WORK ORDER
Repeat the data exactly, please; no pictures belong in the copy.

DATASET CONTENT
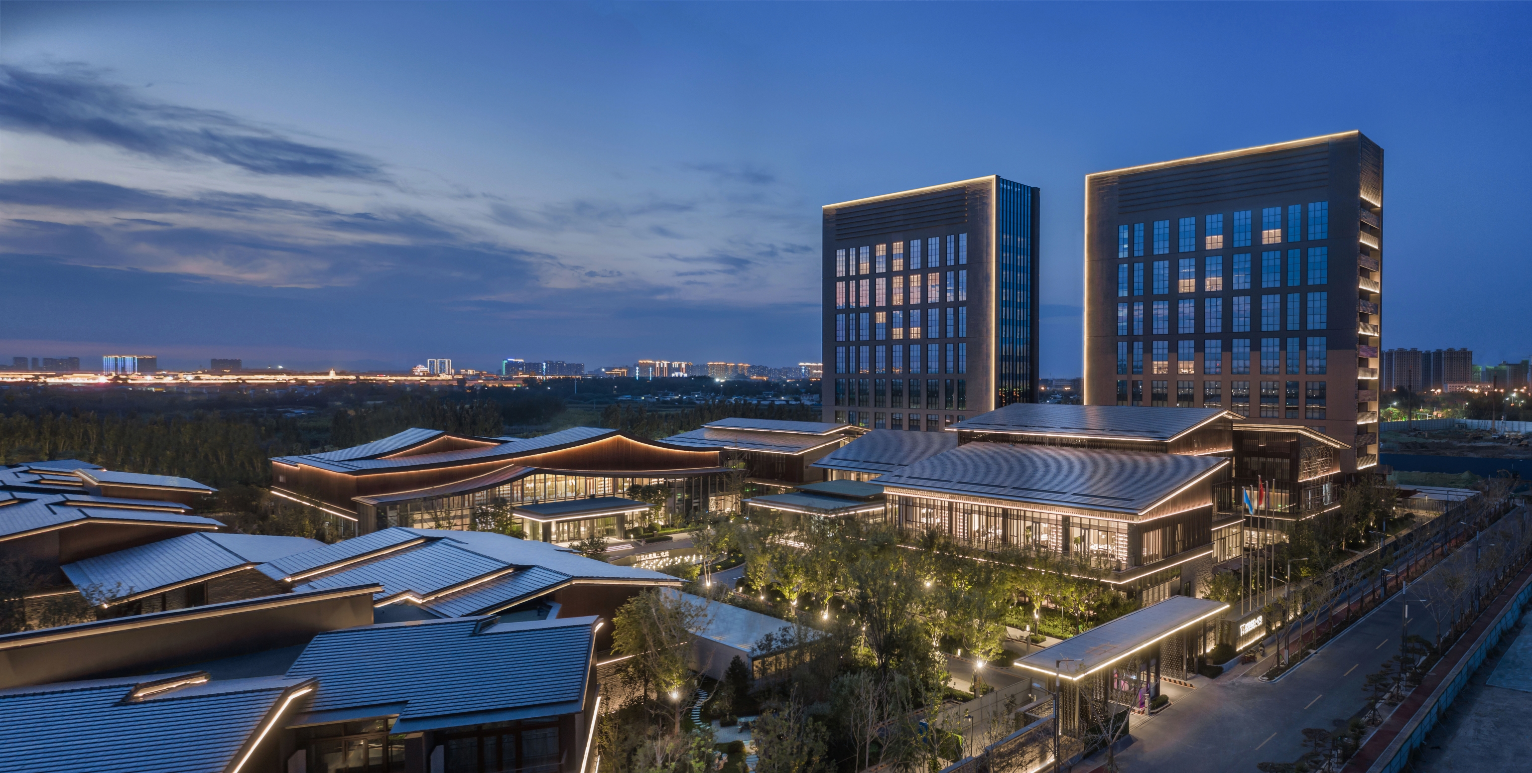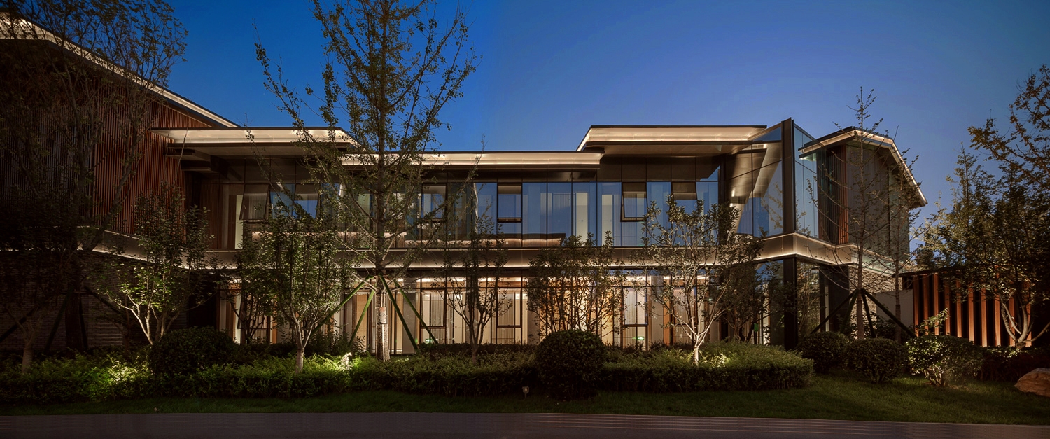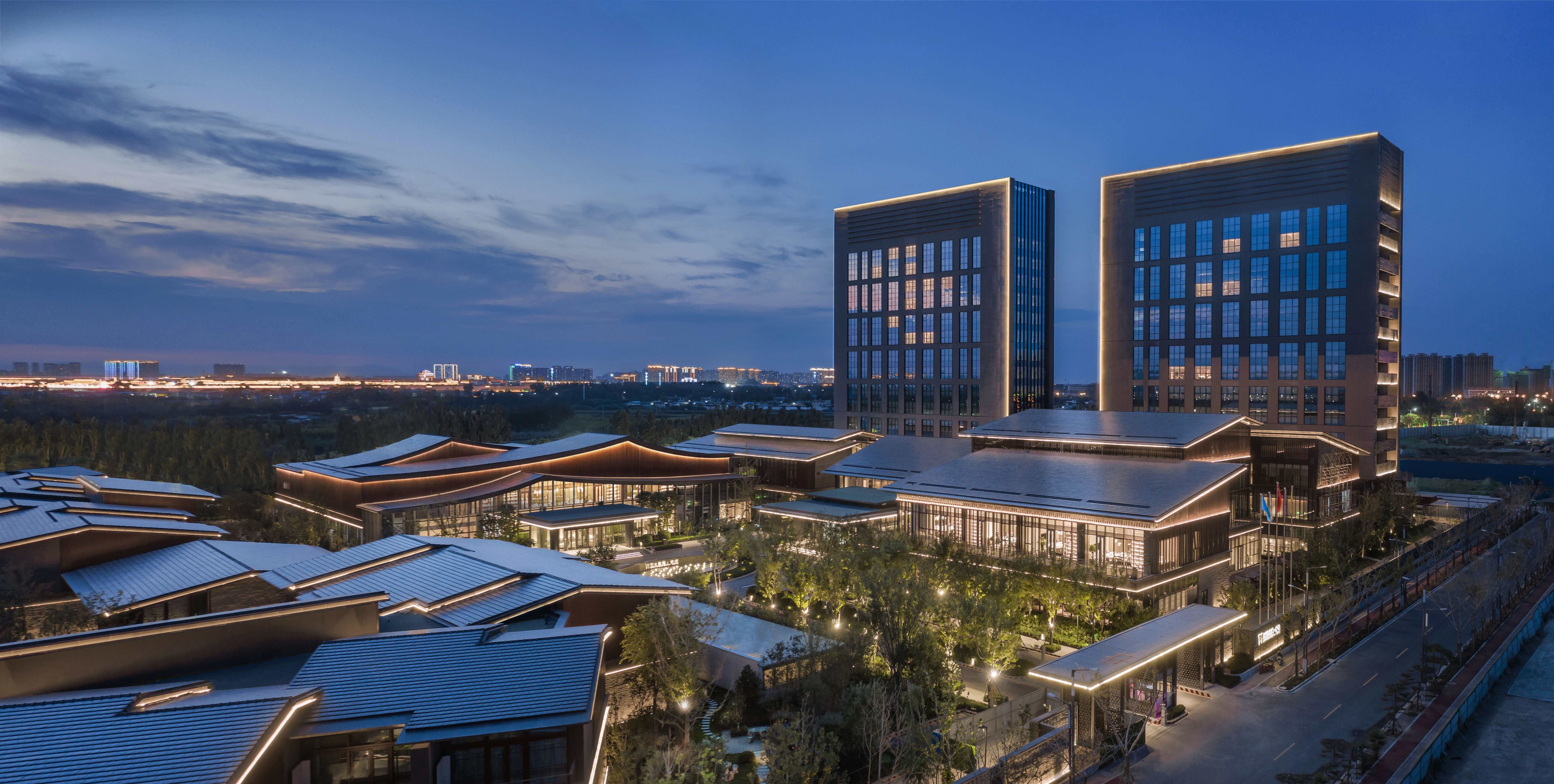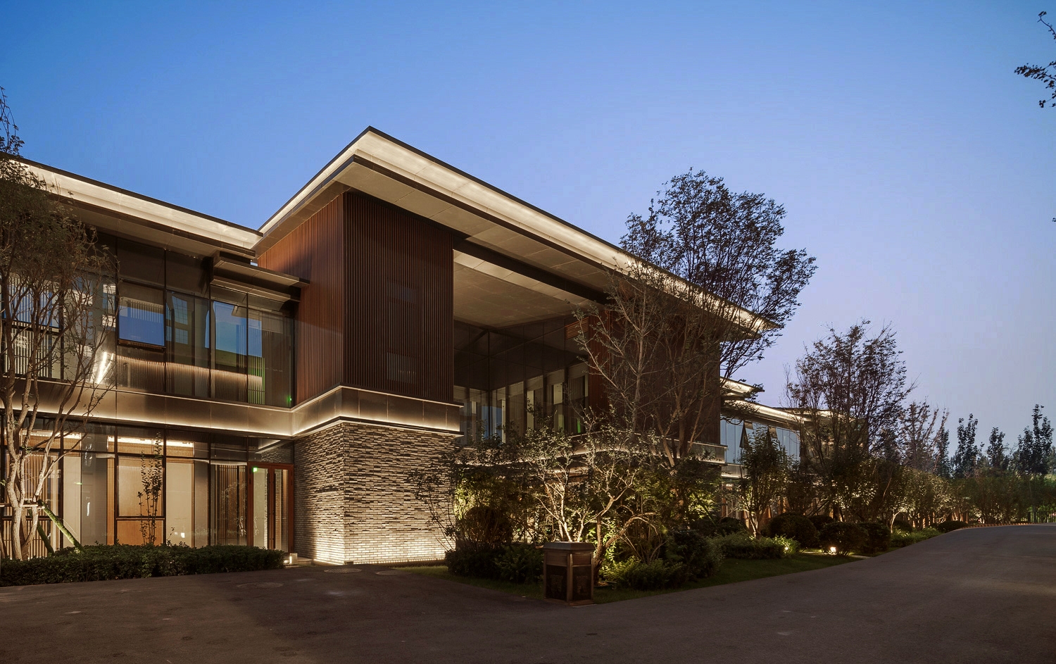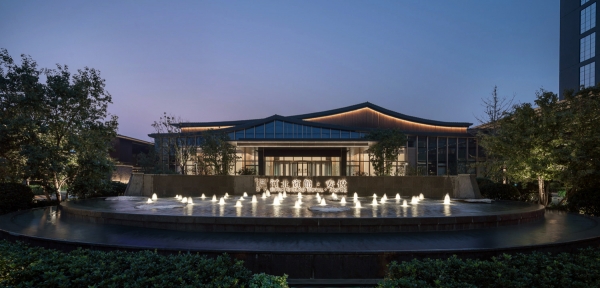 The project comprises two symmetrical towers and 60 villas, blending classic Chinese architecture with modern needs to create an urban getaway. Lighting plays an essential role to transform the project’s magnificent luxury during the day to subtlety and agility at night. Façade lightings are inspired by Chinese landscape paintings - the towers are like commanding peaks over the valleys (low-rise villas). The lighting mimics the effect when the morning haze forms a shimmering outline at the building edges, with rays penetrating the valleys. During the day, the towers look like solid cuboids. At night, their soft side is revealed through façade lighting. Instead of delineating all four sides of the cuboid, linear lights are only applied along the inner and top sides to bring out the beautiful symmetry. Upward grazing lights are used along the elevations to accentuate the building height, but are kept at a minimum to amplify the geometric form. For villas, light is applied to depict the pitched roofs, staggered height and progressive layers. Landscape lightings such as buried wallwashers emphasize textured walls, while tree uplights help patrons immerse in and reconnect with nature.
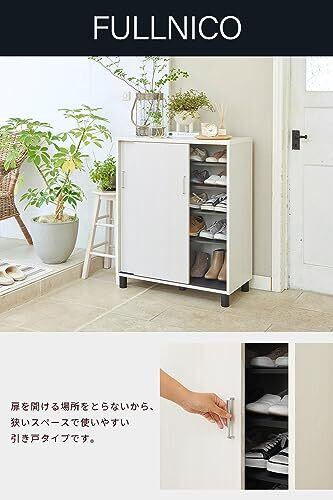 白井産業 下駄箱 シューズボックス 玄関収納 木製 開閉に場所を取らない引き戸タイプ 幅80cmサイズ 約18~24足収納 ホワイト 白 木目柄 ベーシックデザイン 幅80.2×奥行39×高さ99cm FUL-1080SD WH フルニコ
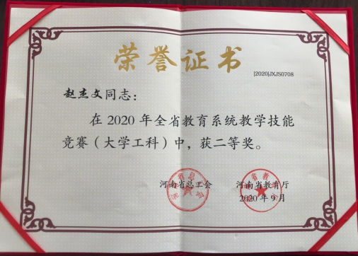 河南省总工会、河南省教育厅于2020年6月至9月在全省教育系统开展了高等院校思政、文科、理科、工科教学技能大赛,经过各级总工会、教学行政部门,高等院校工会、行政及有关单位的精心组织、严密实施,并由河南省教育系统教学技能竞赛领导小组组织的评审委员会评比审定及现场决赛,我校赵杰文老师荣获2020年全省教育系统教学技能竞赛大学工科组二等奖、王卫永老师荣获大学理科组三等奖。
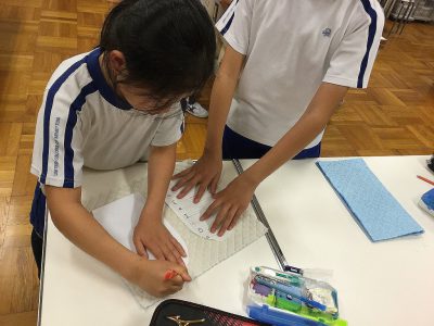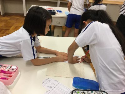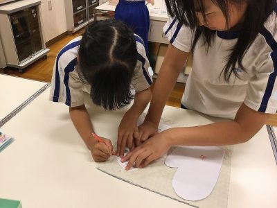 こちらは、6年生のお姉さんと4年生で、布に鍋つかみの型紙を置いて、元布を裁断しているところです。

OUTPUT BELOW
 The project comprises two symmetrical towers and 60 villas, blending classic Chinese architecture with modern needs to create an urban getaway. Lighting plays an essential role to transform the project’s magnificent luxury during the day to subtlety and agility at night. Façade lightings are inspired by Chinese landscape paintings - the towers are like commanding peaks over the valleys (low-rise villas). The lighting mimics the effect when the morning haze forms a shimmering outline at the building edges, with rays penetrating the valleys. During the day, the towers look like solid cuboids. At night, their soft side is revealed through façade lighting. Instead of delineating all four sides of the cuboid, linear lights are only applied along the inner and top sides to bring out the beautiful symmetry. Upward grazing lights are used along the elevations to accentuate the building height, but are kept at a minimum to amplify the geometric form. For villas, light is applied to depict the pitched roofs, staggered height and progressive layers. Landscape lightings such as buried wallwashers emphasize textured walls, while tree uplights help patrons immerse in and reconnect with nature.
 白井産業 下駄箱 シューズボックス 玄関収納 木製 開閉に場所を取らない引き戸タイプ 幅80cmサイズ 約18~24足収納 ホワイト 白 木目柄 ベーシックデザイン 幅80.2×奥行39×高さ99cm FUL-1080SD WH フルニコ
 河南省总工会、河南省教育厅于2020年6月至9月在全省教育系统开展了高等院校思政、文科、理科、工科教学技能大赛,经过各级总工会、教学行政部门,高等院校工会、行政及有关单位的精心组织、严密实施,并由河南省教育系统教学技能竞赛领导小组组织的评审委员会评比审定及现场决赛,我校赵杰文老师荣获2020年全省教育系统教学技能竞赛大学工科组二等奖、王卫永老师荣获大学理科组三等奖。
 こちらは、6年生のお姉さんと4年生で、布に鍋つかみの型紙を置いて、元布を裁断しているところです。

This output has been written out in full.